I just had an epiphany. Uber should change the ping algorithm to match driver rating to pax rating. 5* drivers get first crack at 5* pax. Likewise, instead of kicking drivers off for low ratings, just give them pax no higher than their rating. A 3* pax deserves a 3* driver


----------



## Backdash (Jan 28, 2015)

Is it that since there are no 3 rated drivers the 3 rated passengers will never get picked up? Is that the point?


----------



## Ziggy (Feb 27, 2015)

I picked up a 3.6* pax a few weeks ago; short $23 ride ... but I got a $300 tip. Pax was ultra grateful that I picked him up; 2 previous drivers cancelled on him.
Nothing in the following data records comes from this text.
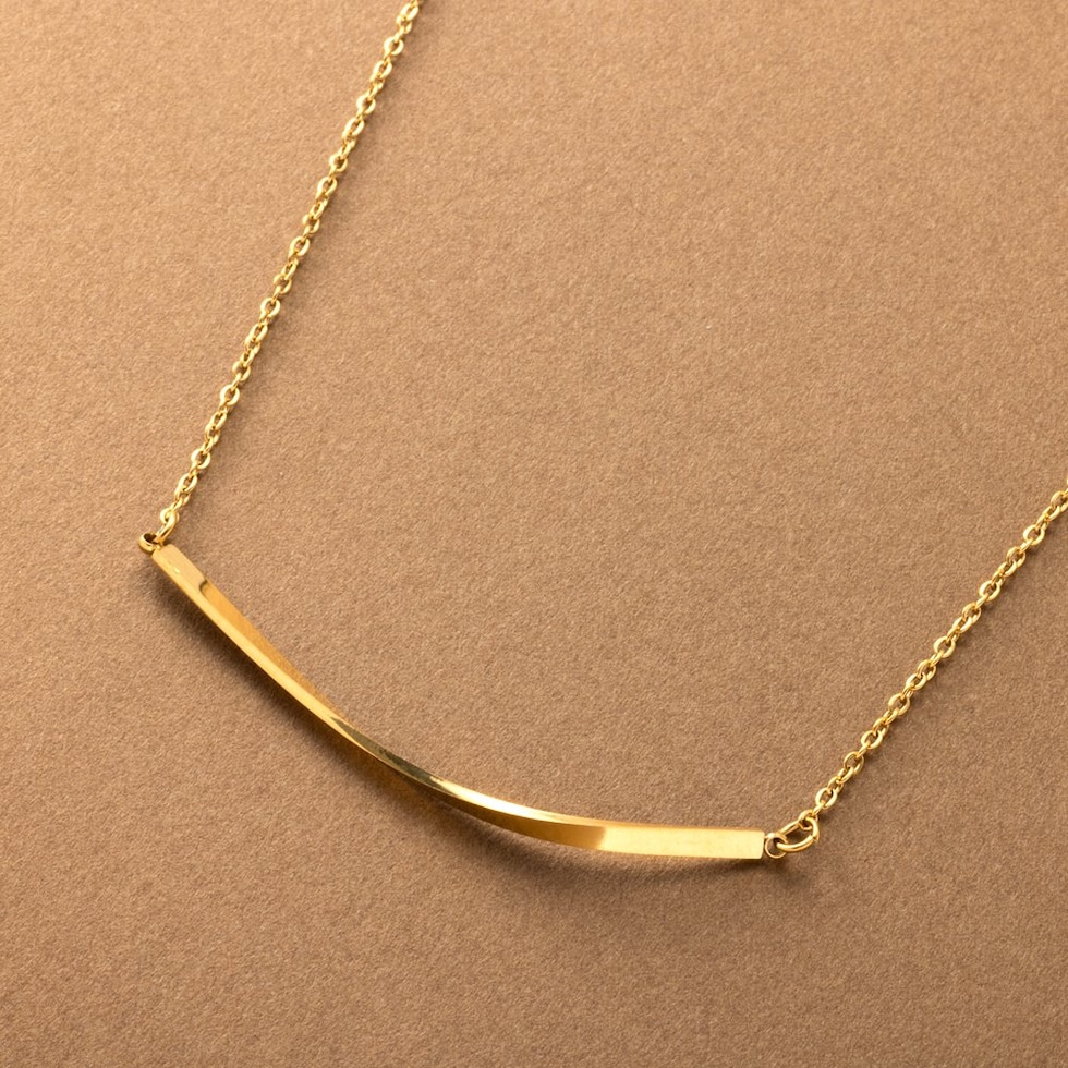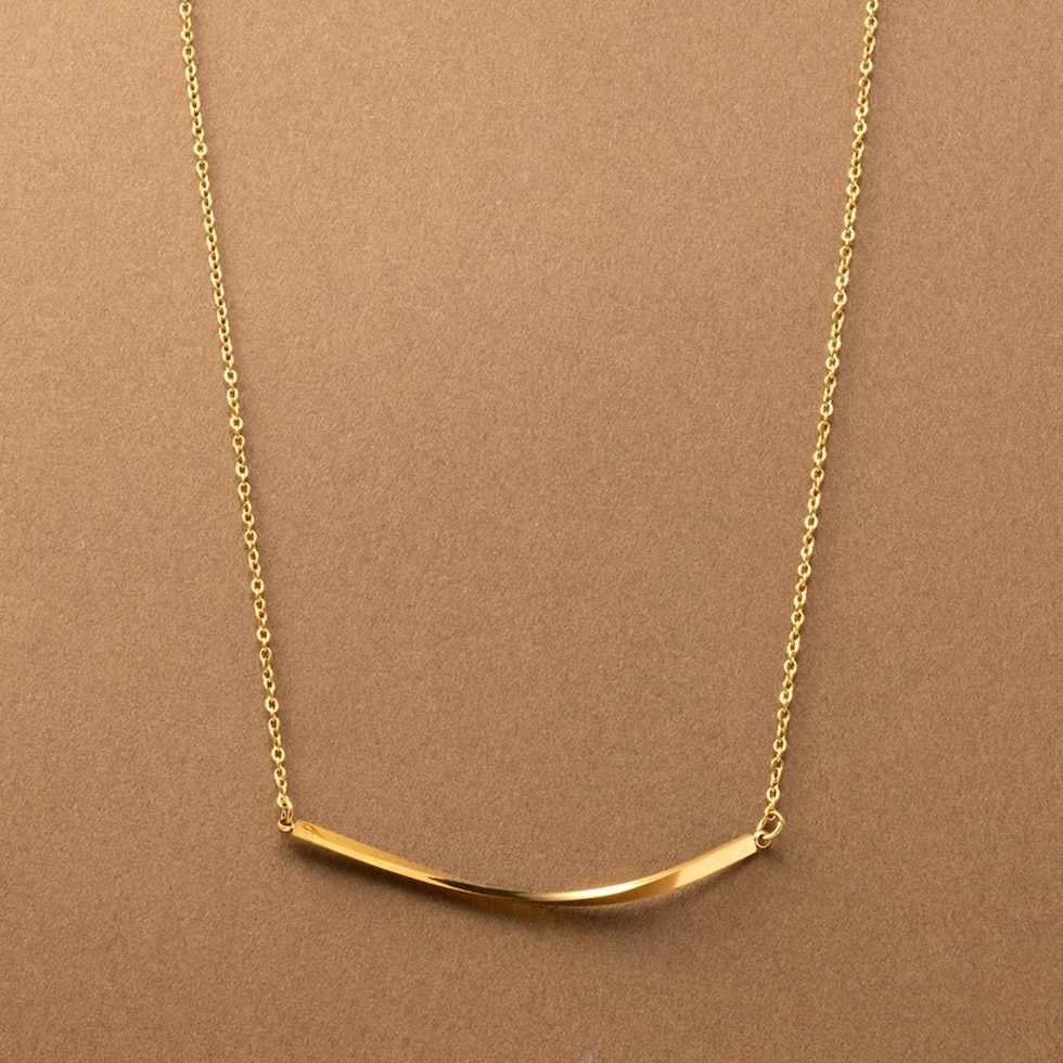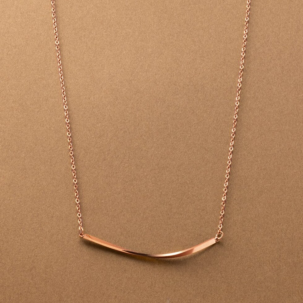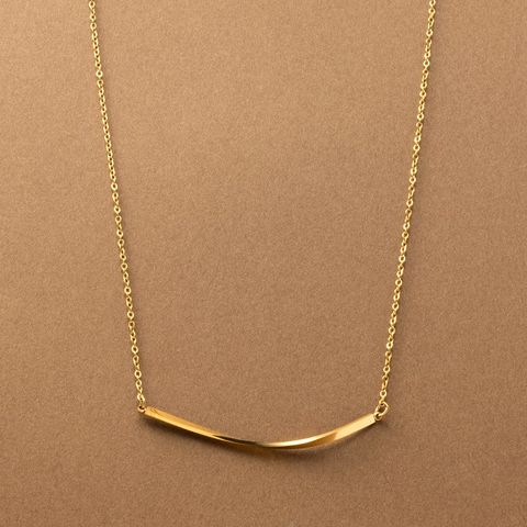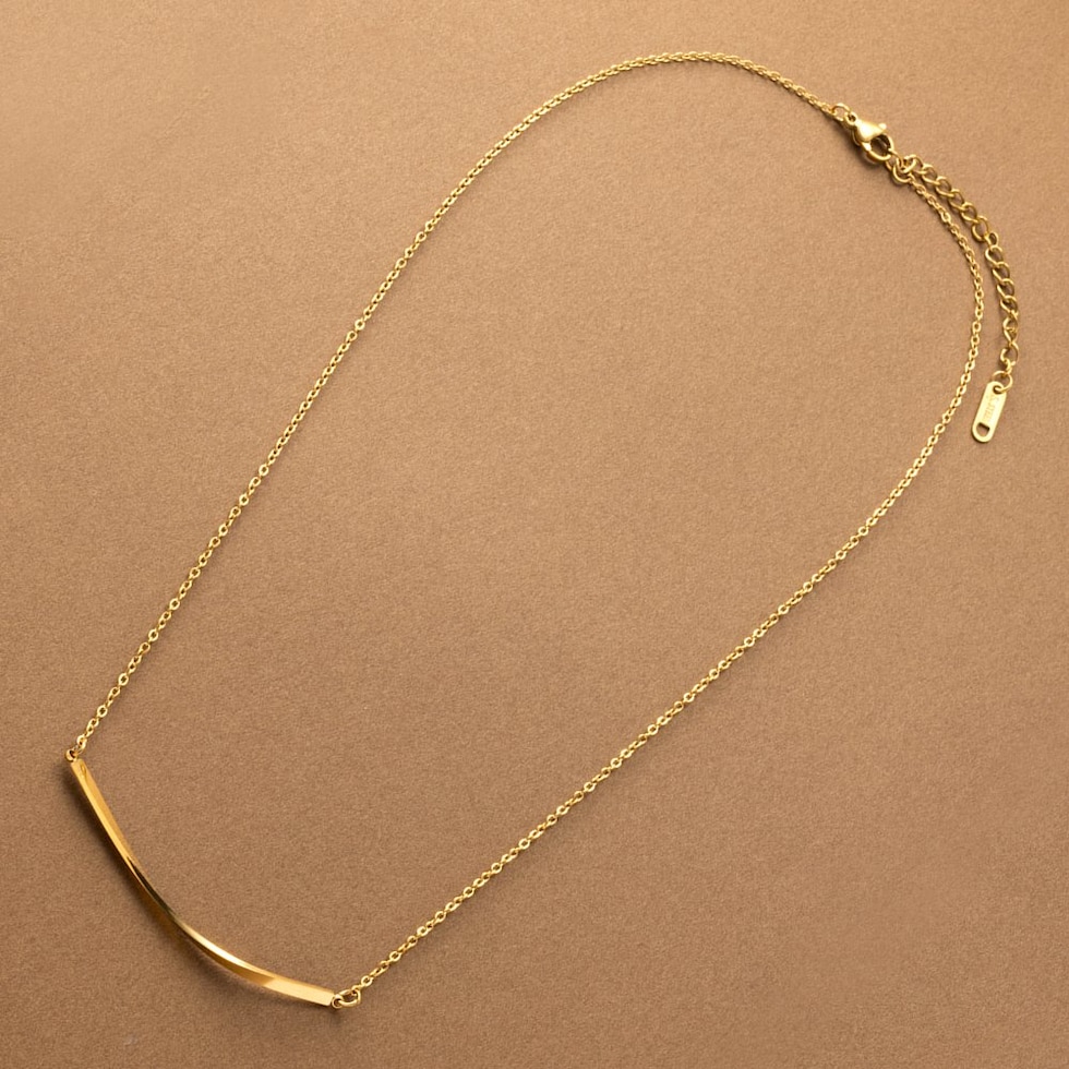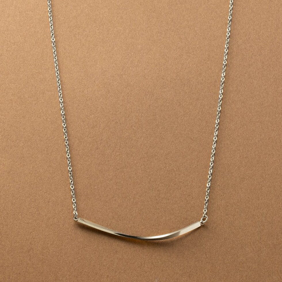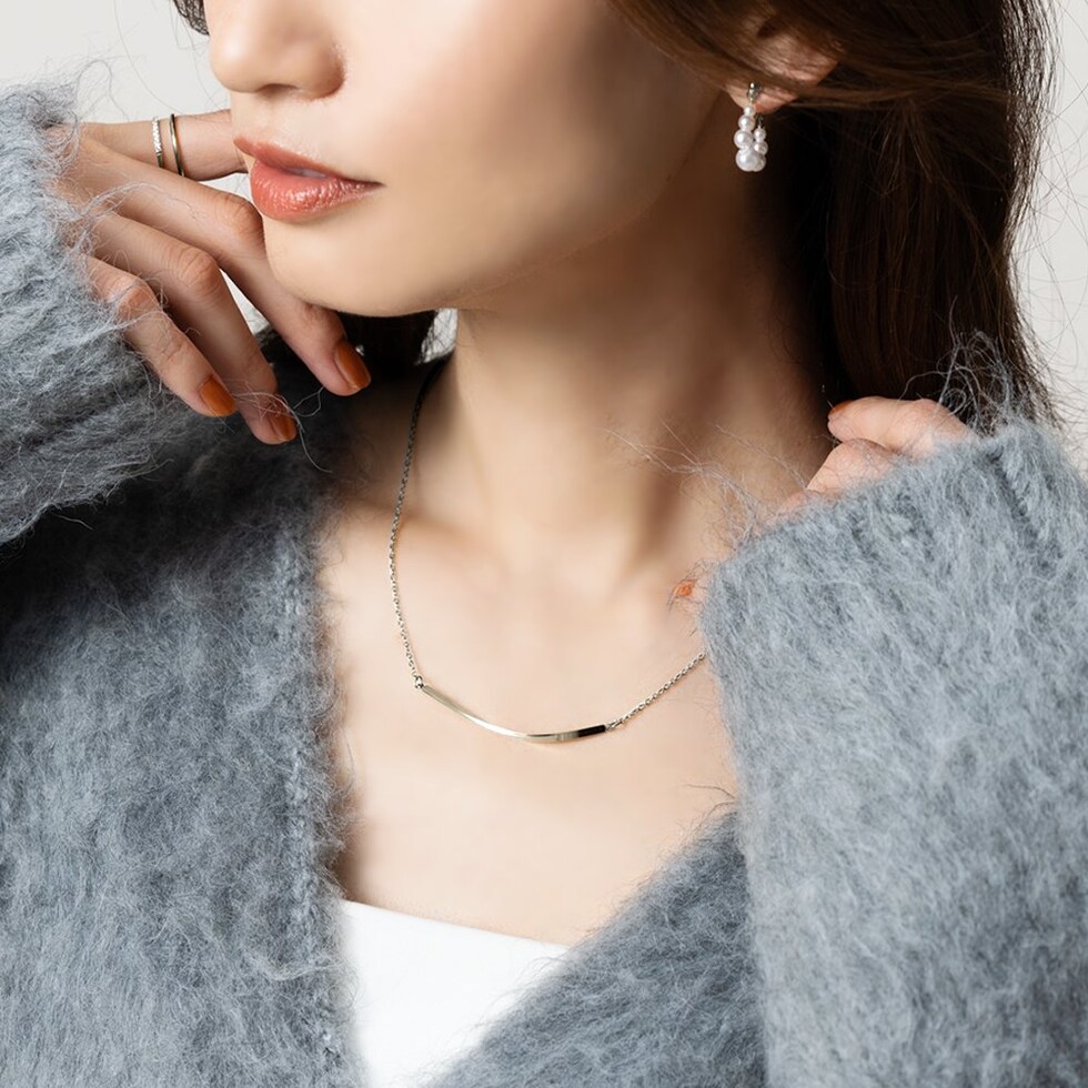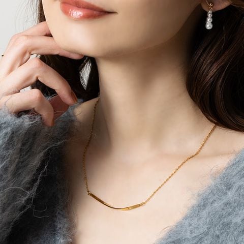 ツイストカーブバーのステンレス製ネックレス。ひねりを加えたアシンメトリーなカーブバーが洗練された輝きを放つスキンジュエリー。大人スタイルにひとつ加えてコーデを格上げ◎錆びにくいステンレス製でデイリーに活躍しそう。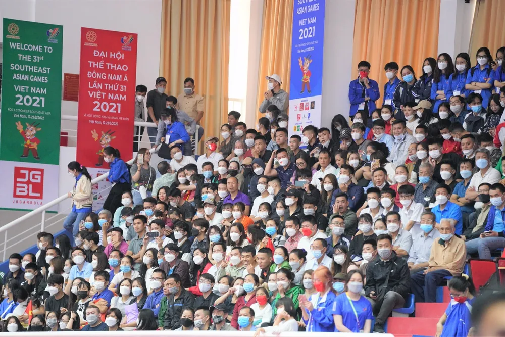 Khán giả trong nhà thi đấu cổ vũ nhiệt tình cho các vận động viên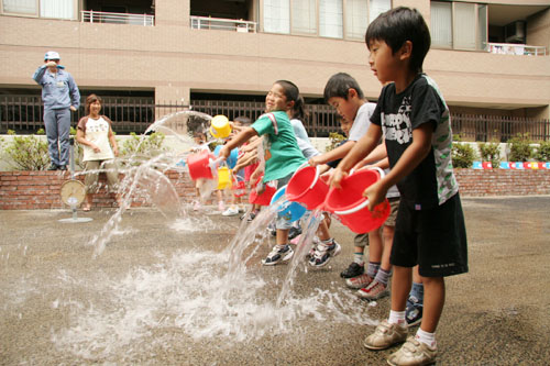 ◆ 初期消火訓練……オイルパンを使って実際の火を消火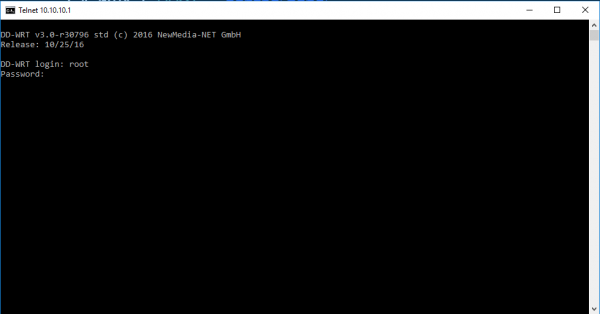 Open CMD, type following command and hit enter: telnet 10.10.10.1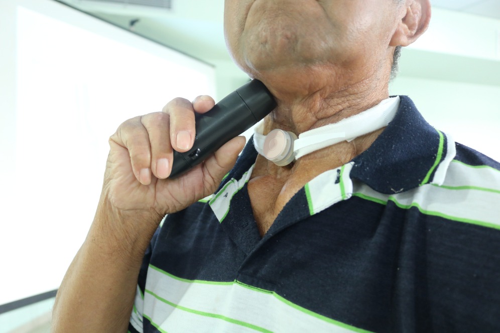“Os pacientes laringectomizados falam, porém não sai som. O aparelho, quando acionado, emite vibração, que é modulada na cavidade oral (língua, lábios e dentes), produzindo a fala”, explicou.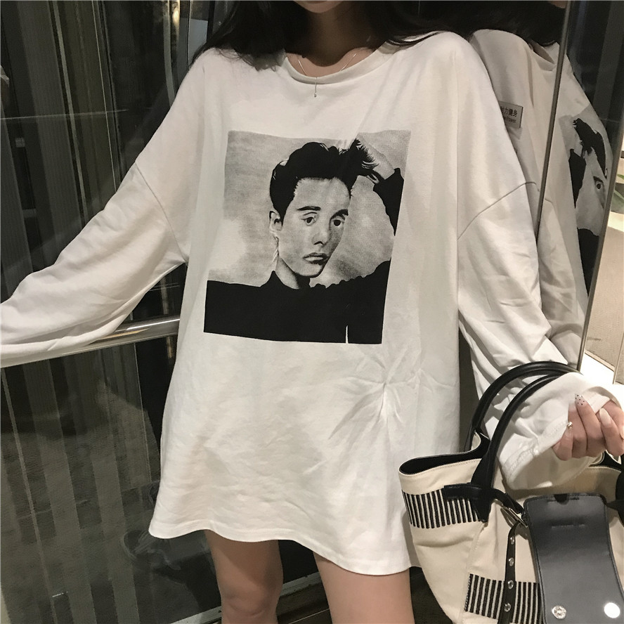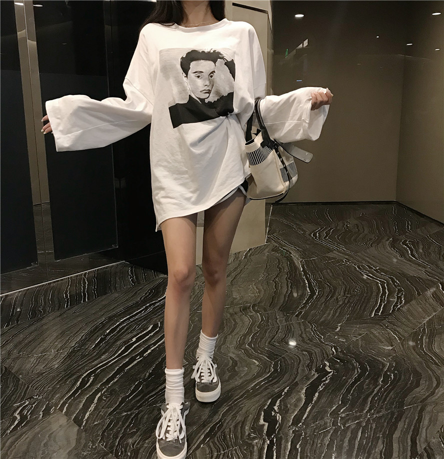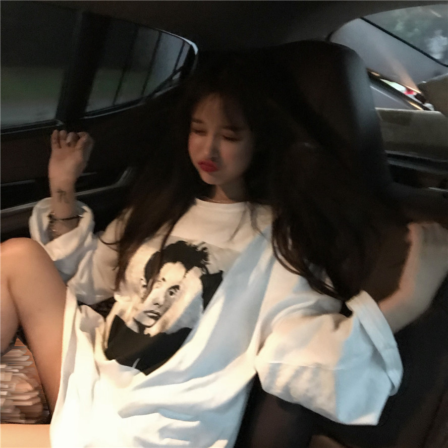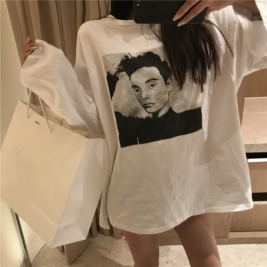 / 初秋韓版簡約少女chic印花長袖寬松百搭學生百搭上衣休閑白色t恤

Generally, unless I've personally given the pax a 1-2* rating, I'll p/u all pax ... though that has bit me in the arse once or twice.


----------



## Uberchampion (Oct 17, 2015)

Ziggy said:


> I picked up a 3.6* pax a few weeks ago; short $23 ride ... but I got a $300 tip. Pax was ultra grateful that I picked him up; 2 previous drivers cancelled on him. Generally, unless I've personally given the pax a 1-2* rating, I'll p/u all pax ... though that has bit me in the arse once or twice.


$300 tip?


----------



## Ziggy (Feb 27, 2015)

Uberchampion said:


> $300 tip?


yep ... couple of 5th row tickets valued at $185/each ... I wanted to go to the show anyway and wasn't planning on shelling out for the 5th row seats ... but my g/f was thrilled with the awesome seats ... so I'd consider them "same as cash"; since I didn't have outlay any cash to a gig I was going to go to anyway. Similarly, when a restaurant owner hands me a gift card for his restaurant; or any other business owner hands me a gift card for their biz ... it's all cash to me ... 'cause if I don't use it myself, I can always parlay it for something else... sometimes even for cash


----------



## Bill Collector (Dec 17, 2015)

One time I got an orange and doughnut as tips... Same as cash!


----------



## JuanIguana (Nov 24, 2015)

I don't want no stinking 5* newbie rider - they don't know how tip.


----------



## JuanIguana (Nov 24, 2015)

I don't want no stinking 5* newbie rider - they don't know how tip.


----------



## Tequila Jake (Jan 28, 2016)

Personally, I think it would be useful to see the average rating the pax has given drivers. If they give every driver a 3, there's a problem. (the problem may be they just don't understand how a rideshare company interprets ratings -- it's the only rating system I know of where 4/5 stars is considered very bad).


----------